The first step towards an answer is to realize that the question is flawed. The mirror doesn’t actually reverse your image either left-to-right or top-to-bottom — it reverses your image front-to-back, that is, along the axis perpendicular to the mirror. Imagine you had a hollow Halloween mask, and you turned it inside out. That’s exactly what a mirror does: it “turns you inside out,” so that you’re facing the opposite direction without having been rotated.

But if the mirror is just flipping our image front to back, why does it look like we’re being flipped left to right? It’s because the left and right sides of our bodies are almost identical. So the inside-out person you see in the mirror looks a lot like what you would see if someone created a clone of your body and rotated it 180 degrees so it was facing you. That’s why you have the strong feeling that the mirror is rotating you in the horizontal plane, even though it’s actually just turning you inside out.

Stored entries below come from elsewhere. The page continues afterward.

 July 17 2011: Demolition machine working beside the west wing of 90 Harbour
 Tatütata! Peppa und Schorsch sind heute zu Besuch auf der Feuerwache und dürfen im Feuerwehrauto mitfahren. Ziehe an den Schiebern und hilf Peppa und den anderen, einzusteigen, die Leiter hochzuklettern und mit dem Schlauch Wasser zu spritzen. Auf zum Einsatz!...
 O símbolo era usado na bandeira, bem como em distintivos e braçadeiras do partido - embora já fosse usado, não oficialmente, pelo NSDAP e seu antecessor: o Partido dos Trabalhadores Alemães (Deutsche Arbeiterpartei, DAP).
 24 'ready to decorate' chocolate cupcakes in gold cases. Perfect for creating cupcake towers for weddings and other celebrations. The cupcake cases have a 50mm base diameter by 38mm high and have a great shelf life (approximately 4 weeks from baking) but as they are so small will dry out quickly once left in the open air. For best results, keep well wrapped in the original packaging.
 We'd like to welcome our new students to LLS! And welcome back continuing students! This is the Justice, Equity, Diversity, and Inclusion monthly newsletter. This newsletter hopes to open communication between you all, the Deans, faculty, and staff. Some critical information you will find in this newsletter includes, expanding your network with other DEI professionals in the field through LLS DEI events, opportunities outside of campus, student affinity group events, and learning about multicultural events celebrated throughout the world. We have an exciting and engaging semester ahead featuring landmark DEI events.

The illusion wouldn’t be nearly as strong if our bodies didn’t have left-right symmetry. Let’s say you had a tentacle in place of your right arm. Then your mirror image wouldn’t look like a 180-degree rotation of yourself, because the tentacle would be on the wrong side. The mirror’s ability to make us feel like an image has been turned around only works with a symmetrical axis.

Another experiment you can do to drive this point home is to try lying down on the floor, on your left side, facing a mirror. Now your mirror-image will be lying on his right side with his left side on top, while you’re lying on your left side with your right side on top, creating the illusion that the mirror is flipping your image vertically, as opposed to when you were standing in front of the mirror and it looked like your image was being flipped horizontally. This proves that the nature of the illusion is different than we’d originally thought: it’s not that the mirror seems to rotate you horizontally rather than vertically, but that the mirror seems to rotate you around your symmetrical axis rather than your asymmetrical axis.

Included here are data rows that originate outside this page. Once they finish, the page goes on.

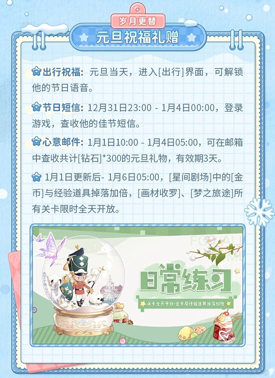 1月1日更新后-1月6日05:00,[星间剧场]中的[金币]与经验道具掉落加倍,[画材收罗]、[梦之旅途]所有关卡限时全天开放。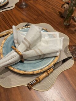 Guardanapo off white com barrado bege em linho
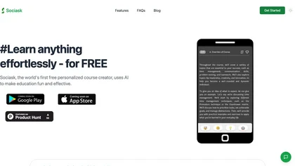 Sociask is an AI personalized learning app that revolutionizes education by tailoring courses to individual needs and interests, completely free of charge.By analyzing a user’s preferences and learning style, Sociask creates custom courses packed with relevant content, ensuring a fun and effective learning experience.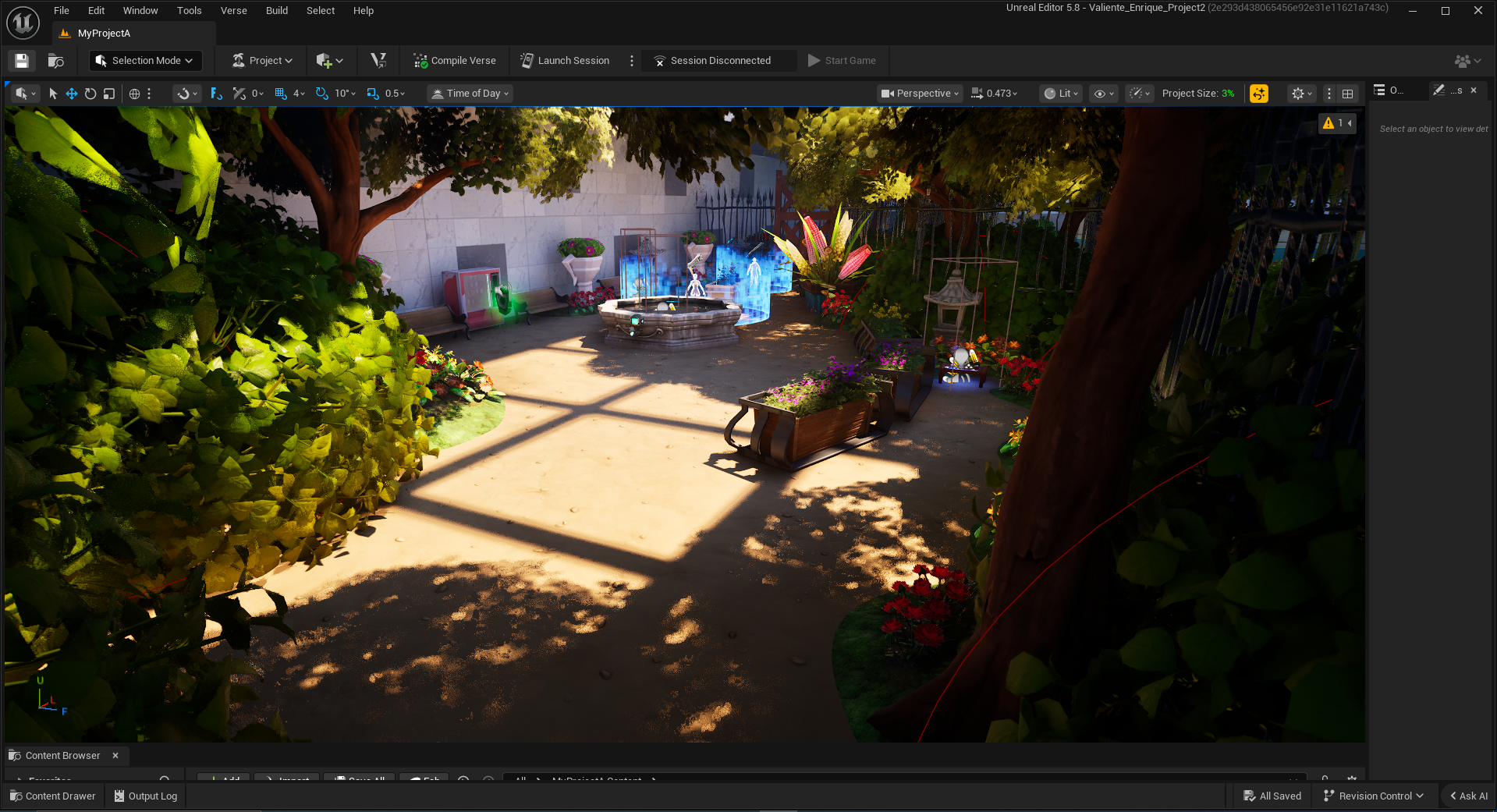 This would have been the glamour shot of the level—the fountain combat encounter. The original intention of this combat encounter was that the enemy faction would have set up two distinct buildings in this area, with the player having to make a full loop around the fountain to incapacitate each enemy.

26 Responses to The mirror paradox

  1. davidad says:

    Nice deconstruction! It reminds me of the old IQ question: if John is looking into a mirror, and touches his right ear, which ear does his mirror image touch?

  2. Barry says:

    Great! I knew the part about the mirror reversing front-to-back, but had never tried the business about lying down in front of the mirror.
    This reminds me of another mirror conundrum: Camel Cigarette packs have (or used to, anyway) the words “CHOICE QUALITY” printed along their sides. We used to slide the cellophane wrapper half-way down the pack so that it covered “CHOICE” but not “QUALITY.” Then we’d tell our mark that the cellophane used on these packages was special — it prevented the writing under it from being affected by a mirror! And indeed, in a mirror, the word “QUALITY” looked all weird, but “CHOICE” was unaffected. You can try it yourself on a piece of paper — just be sure to give the paper a half-turn before looking in the mirror. (And use ALL CAPS!)

  3. Silas Barta says:

    (didn’t go through the first time)

    Well put. This example is also used in Gary Drescher’s Good and Real (and excellent all-around reductionist masterpiece) as an example of how to, and how not to dissolve a paradox.

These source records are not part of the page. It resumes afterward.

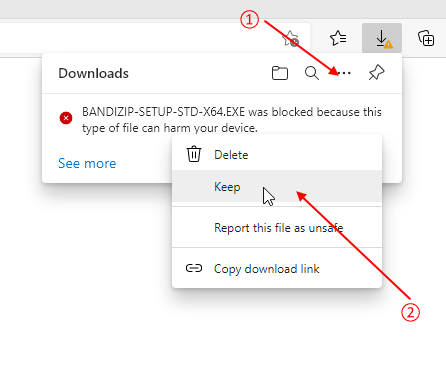 For troubleshooting, click the … button and select Keep as shown below to complete the download of the installation file.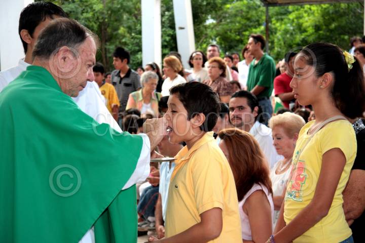 CANCÚN, QUINTANA ROO, 19OCTUBRE2008.- En la catedral se oficio una misa especial al celebrarse el "Domund" o Domingo Misionero, en donde el Obispo Pedro Pablo Elizondo bendijo todas las colectas recibidas para ayudar a los más necesitados. FOTO: MARCO POLO GUZMÁN HERNÁNDEZ/CUARTOSCURO.COM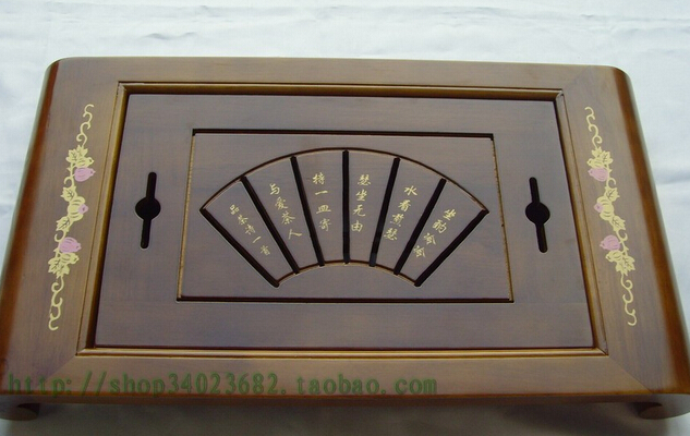 2、这款木制茶具托盘做工精细,茶盘的四周均订有铜脚,不仅增添了朝那的实用性,更增添了其美观性。木制茶具托盘上有着精美的雕刻,茶盘的中间刻有唐诗,其笔供细腻,栩栩如生,使茶盘看起来更具艺术性,增加品茶时的乐趣。茶盘面板设有小圆孔,方便取拿面板,清洗更加容易,且增加茶盘的美观性。茶盘面板使用栅格间隔设计,便于摆放茶具,且使茶盘流水流畅,避免茶盘积水。这款木制茶具托盘价格为:58.5—166元。

    (Just surfed in from lukeprog’s announcing of your site.)

  4. Julia Galef says:

    @Silas Barta — I loved Good and Real, and I’ve cited it in several of my essays on other sites. For example: “Definitions don’t prove anything,” and then again in “Newcomb’s Paradox: an argument for irrationality.”

  5. michael says:

    turning us ” inside out” is not really correct. if you turn a latex glove inside out… its exactly that.
    if you turn a human being inside out,.. well… it gets messier. But you get the idea.

    So a mirror turning us inside out, doesn’t seem to be the correct term either.

  6. Kenn says:

    This explanation has never satisfied me — it doesn’t help me understand why text looks flipped left-to-right in the mirror. The text is not symmetrical.

    • Pavitra says:

      Looking at text in a mirror, you see the same thing as if you held the paper up to a strong light and read the text through from the reverse side. It’s reversed front-to-back.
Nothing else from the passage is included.